Showing posts with label 1 Thessalonians. Show all posts
Showing posts with label 1 Thessalonians. Show all posts

Flattery and its Role in Conflict

I've spent a lot of time thinking (because all I have now is time to think) about how my country got to where it is right now, via open combativeness and the obtuse refusal to acknowledge or live in the reality of facts. I think at least part of the answer to that is flattery.



I think we all have people in our lives where we feel like we're at an impasse with in terms of meaningful conflict resolution. Do I cut this person out of my life because they've gotten in bed with truly despicable people? Or do I try to maintain some peaceful coexistence?

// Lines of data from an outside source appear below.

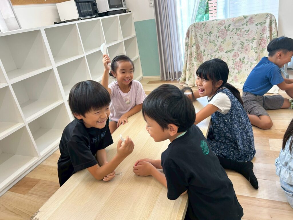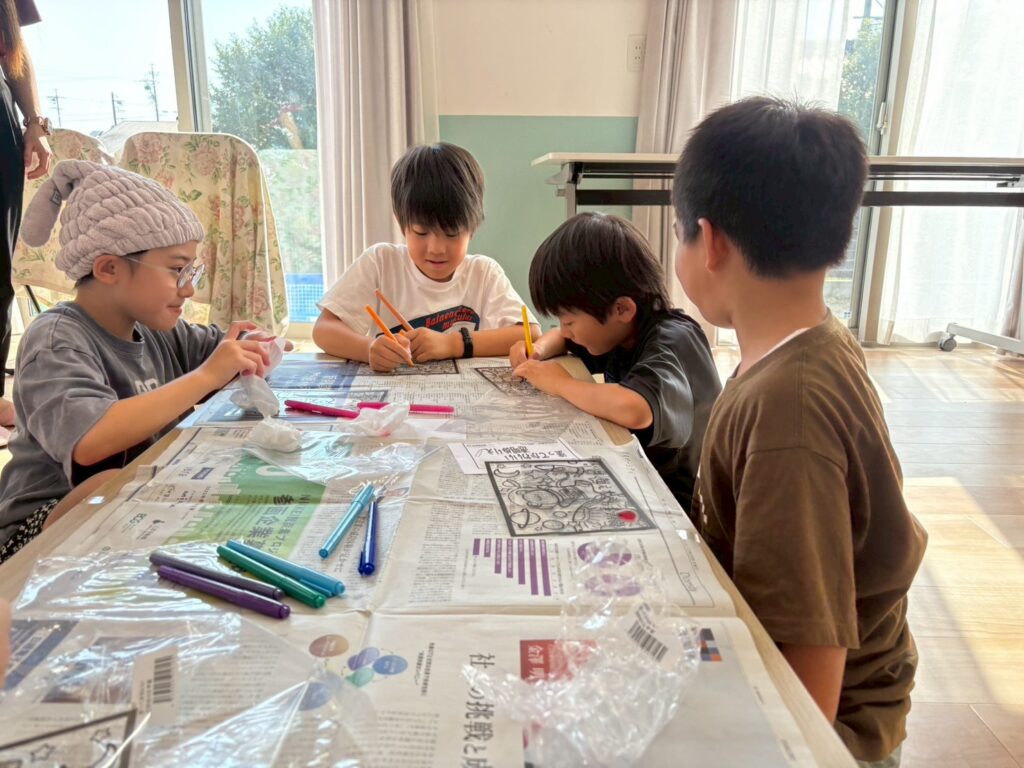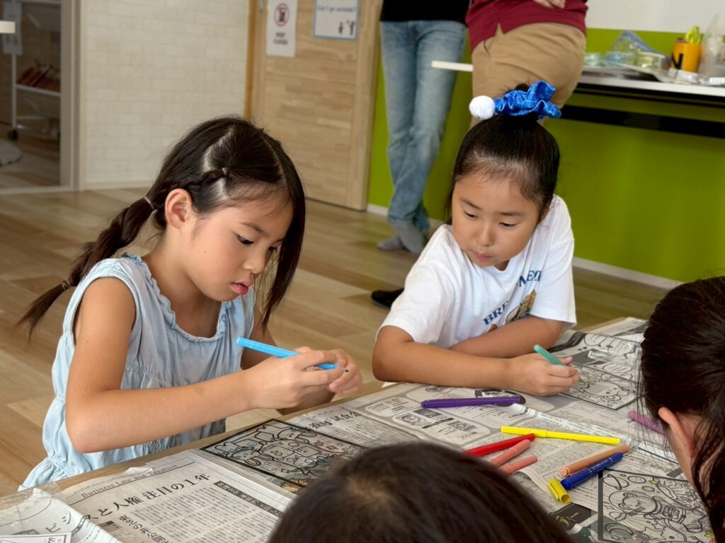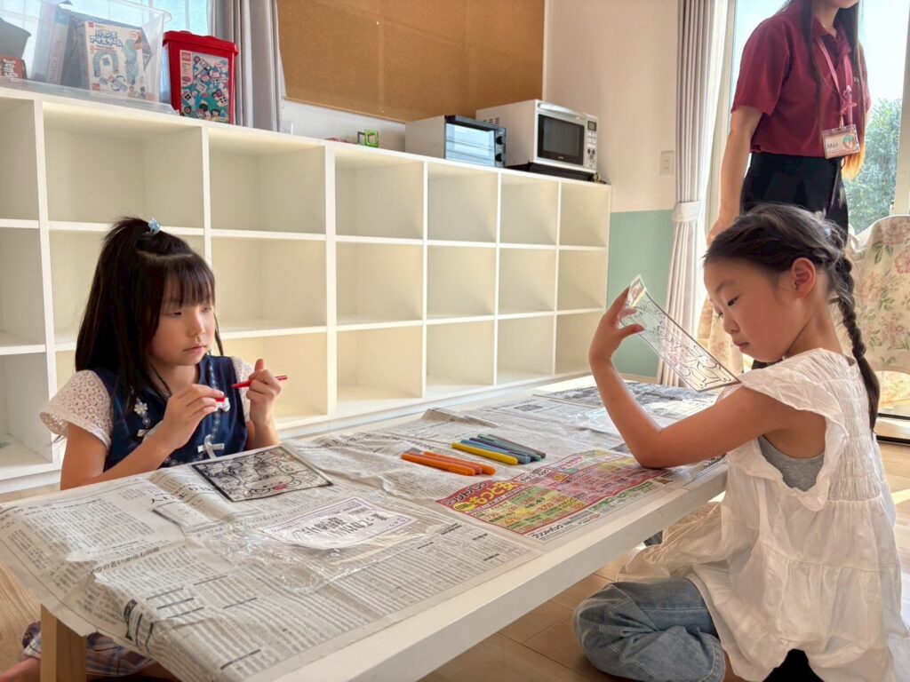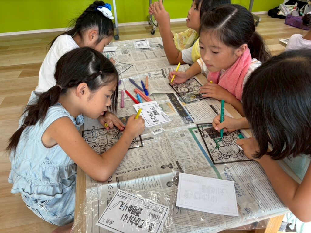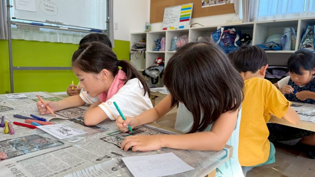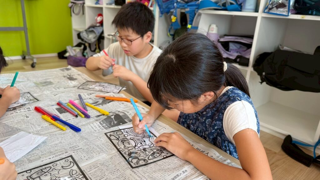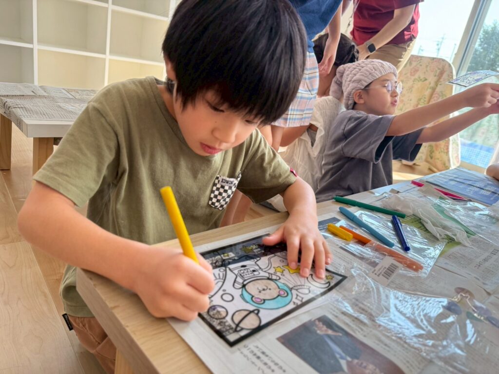 ステンドグラス風アート🎨 2025.8.19 お知らせ 今日の午後は ステンドグラス風の塗り絵 に挑戦。透明なシートに色を塗ると光を通してキラキラ輝き、本物のステンドグラスのように見えました。完成した作品を窓に貼ると「So beautiful!」と笑顔いっぱい。色の組み合わせを工夫しながら、それぞれ個性あふれる作品ができあがりました。 今日も子ども達は「楽しい!」「もっとやりたい!」と充実した一日を過ごしてくれました✨ URL Copied!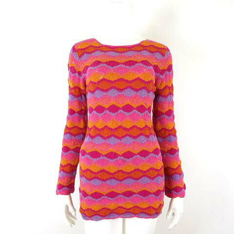 【中古】アイザックミズラヒ ISAAC MIZRAHI ニット セーター チュニック かぎ編み マルチボーダー 総柄 スカラップ ウール 長袖 S マルチカラー レディース 【ベクトル 古着】 260120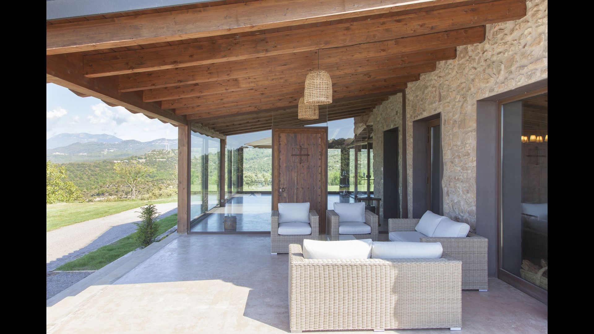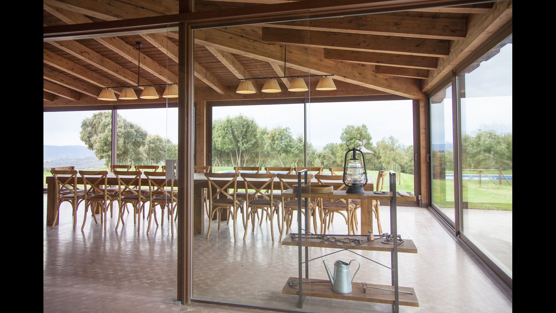 A la planta baixa hi ha un porxo situat davant de la piscina i amb unes vistes espectaculars a les muntanyes. Des d'aquí es pot entrar al menjador, que té vistes al jardí a través dels grans finestrals.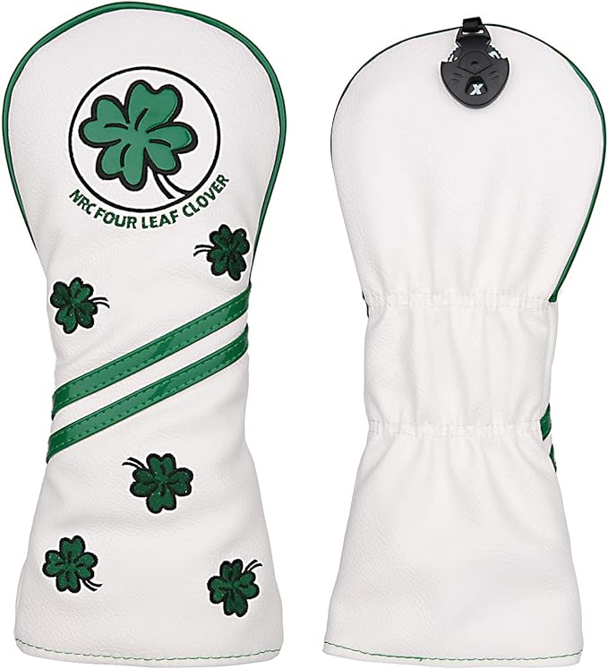 ゴルフヘッドカバー 四葉のクローバー ゴルフグラブ3点セット/ ドライバーDR用カバー/ウッド用 FW/ユーティリティ用 UT 白 単品1個販売/3点セット ホワイト
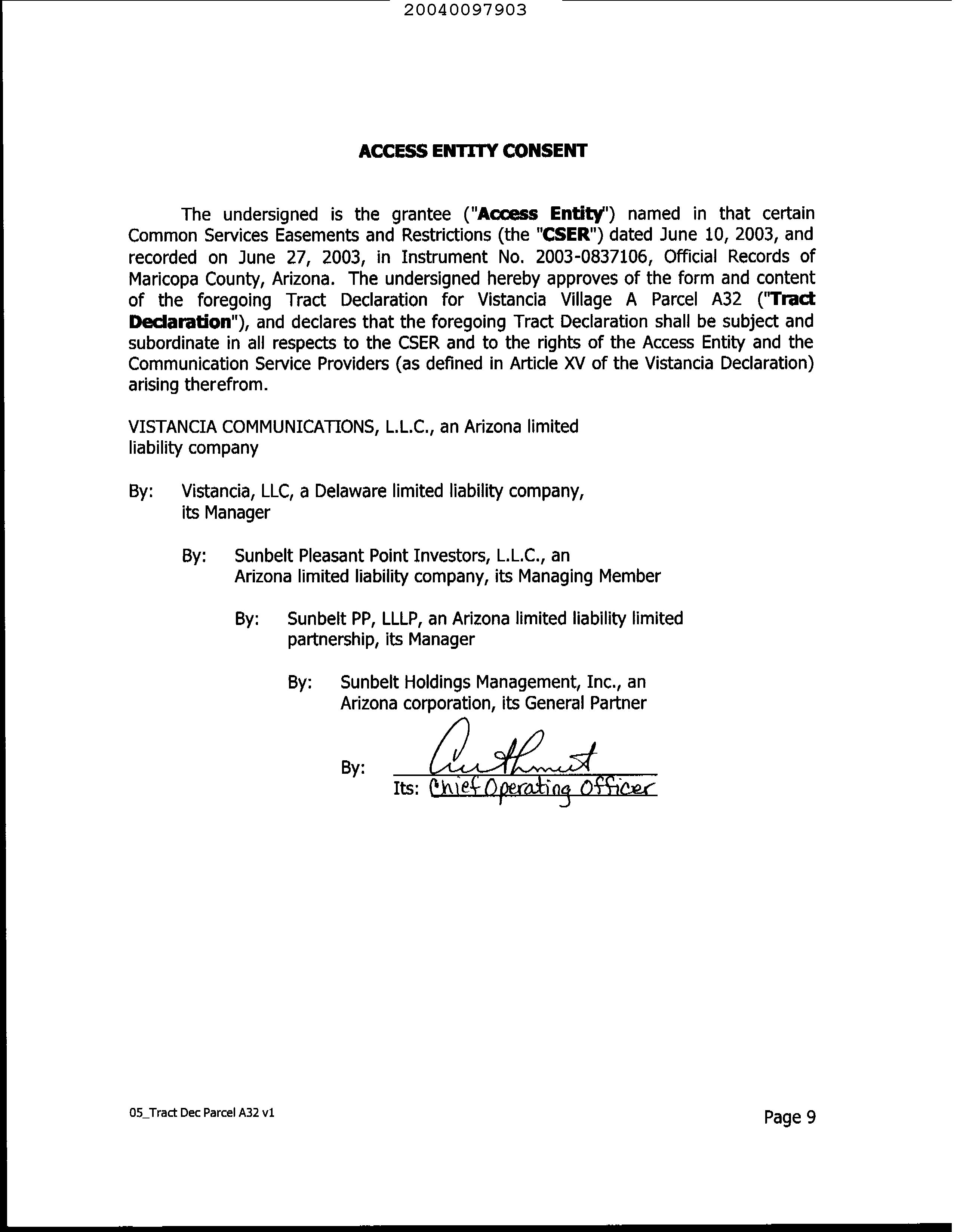 LEGAL: VISTANCIA VILLAGE A PARCEL A32 MCR 655-34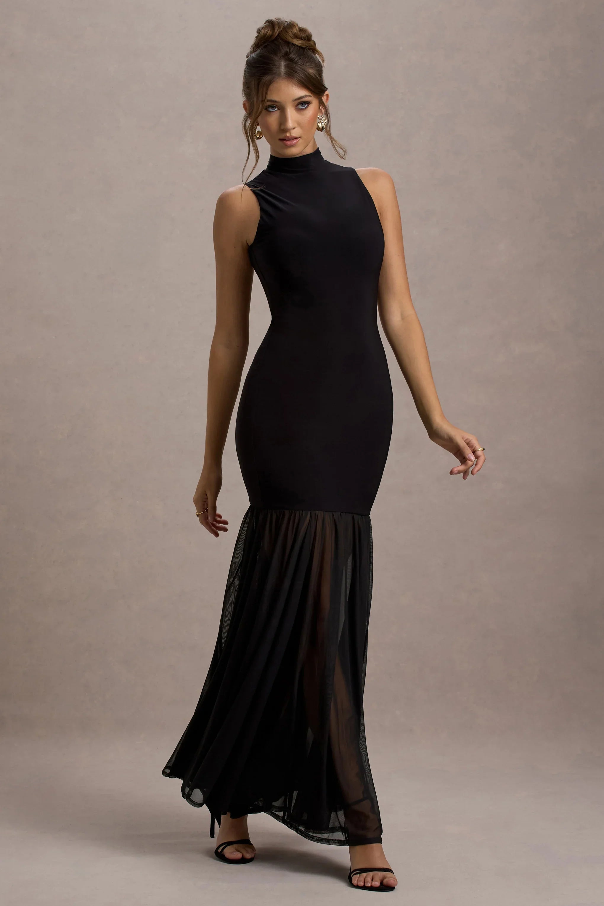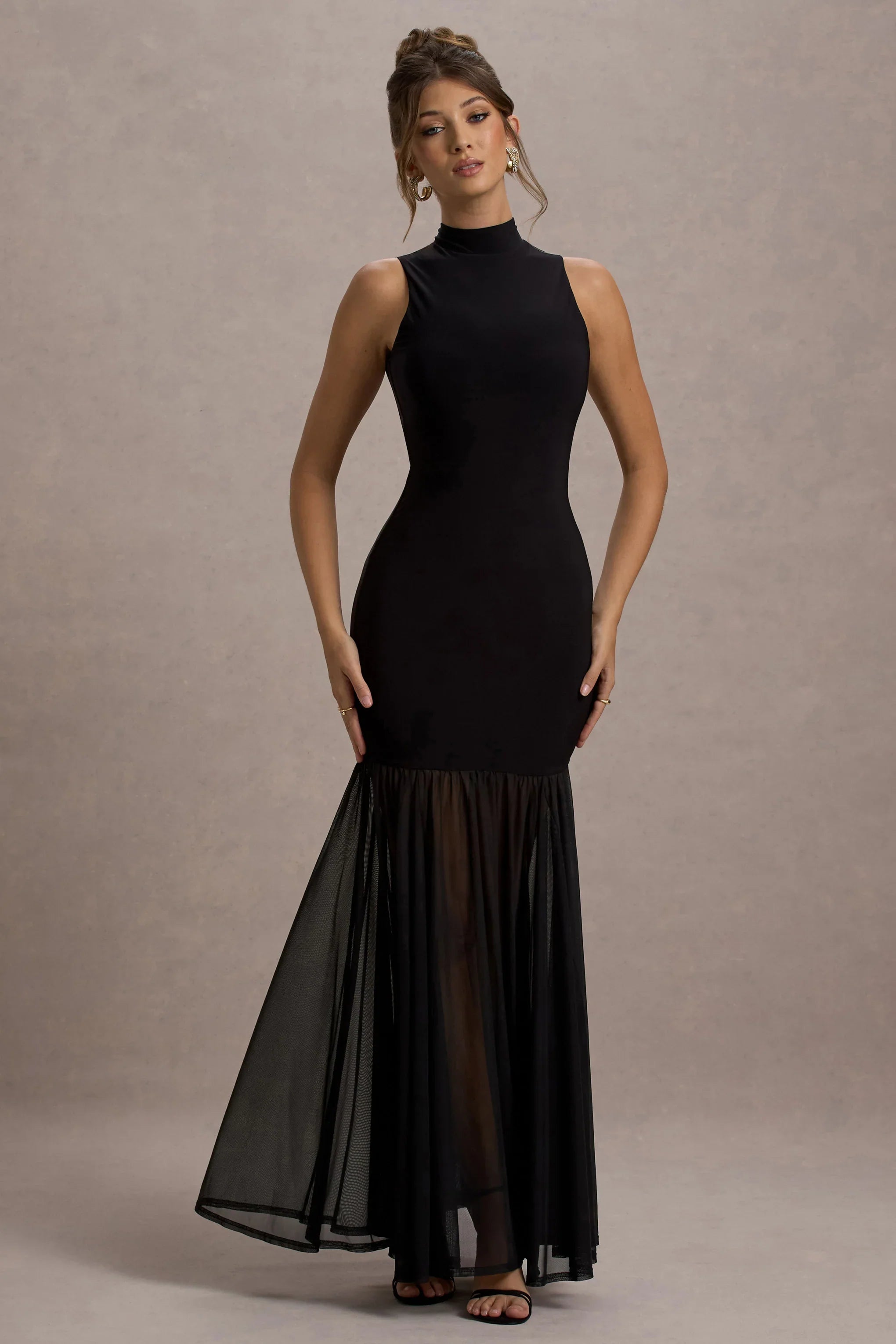 Defined by its ethereal elegance and captivating design, Shae is an enchanting option for your next special occasion. Crafted from premium soltan, this black maxi dress features a high neckline for a refined, sophisticated look. The sheer skirt adds a touch of allure, creating a graceful silhouette with every movement. Perfect for evening events or formal celebrations, keep Shae in focus with delicate accessories and strappy heels for a look that effortlessly blends romance and modern sophistication.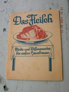 | 844 | | fleisch | das fleisch - winke und wissenswertes für unsere h | dr. r. hanne | eduard günher, hamburg | 1927 | | 12,3 x 16,2 | 31 | | 4 | rot blauer druck - geheftet | | | |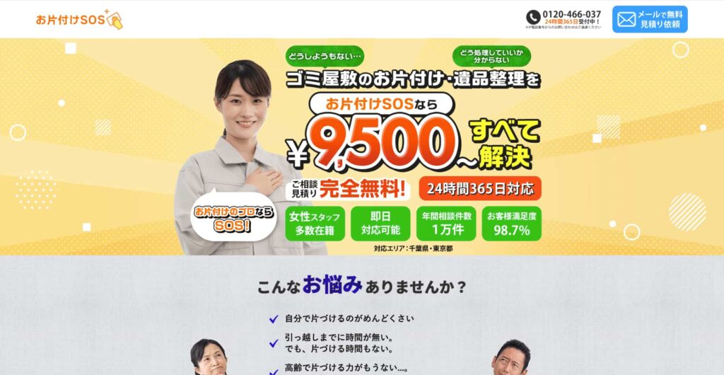 サービス内容 | 遺品整理、不用品回収、ゴミ屋敷清掃、片付けなど |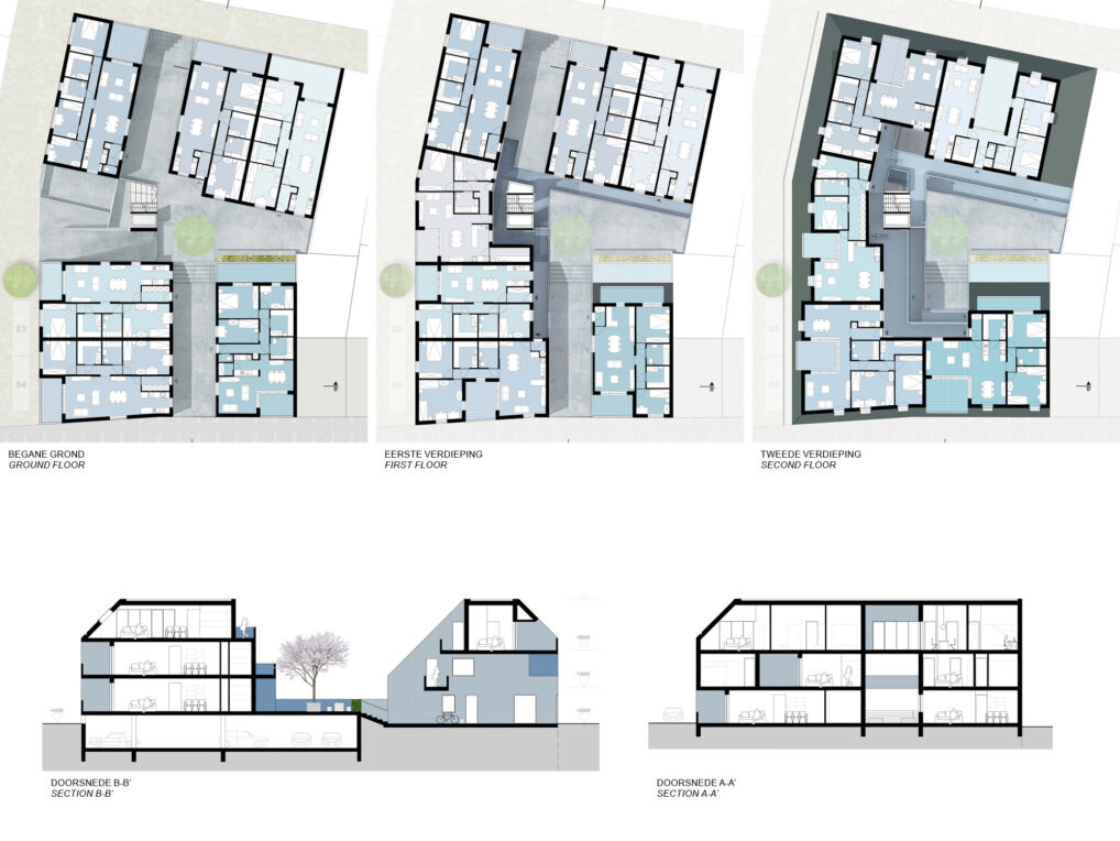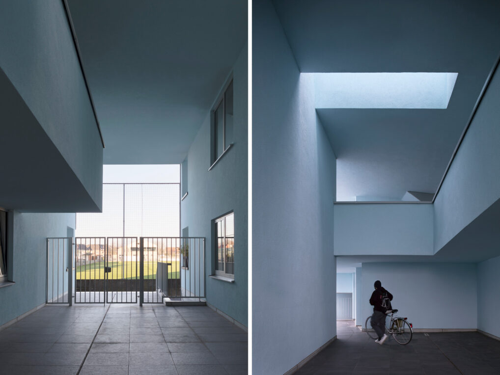 The building’s footprint occupies the entire site. It’s a striking building that meets all imposed conditions by means of smart transformations on the shape and internal organization regarding the integration in the area, the program for housing and parking, spatial quality, social living qualities and architecture. The rather simple outside of the building is completed with an exciting inner world where the common outside space and the entrances to the houses are located. The materials emphasize the difference between inside and outside.

I've found myself returning to the scriptural places I've looked for answers throughout my life on how to handle these situations. It's simpler to me than looking to living leadership, whose relationship to all of this has been hopelessly complicated by ineffectiveness. What came from that is recognition that I haven't fully understood the problem, which is why I've felt so lost in how to confront it with my own loved ones. This is why I still love reading scripture. There's nothing new under the sun. I don't have to figure out everything alone.

Scripture has a lot to say about flattery. And, true to my Mormon roots in discourse, examining it as a subject made me realize I don't know exactly what it means. "Excessive and insincere praise, given especially to further one's own interests."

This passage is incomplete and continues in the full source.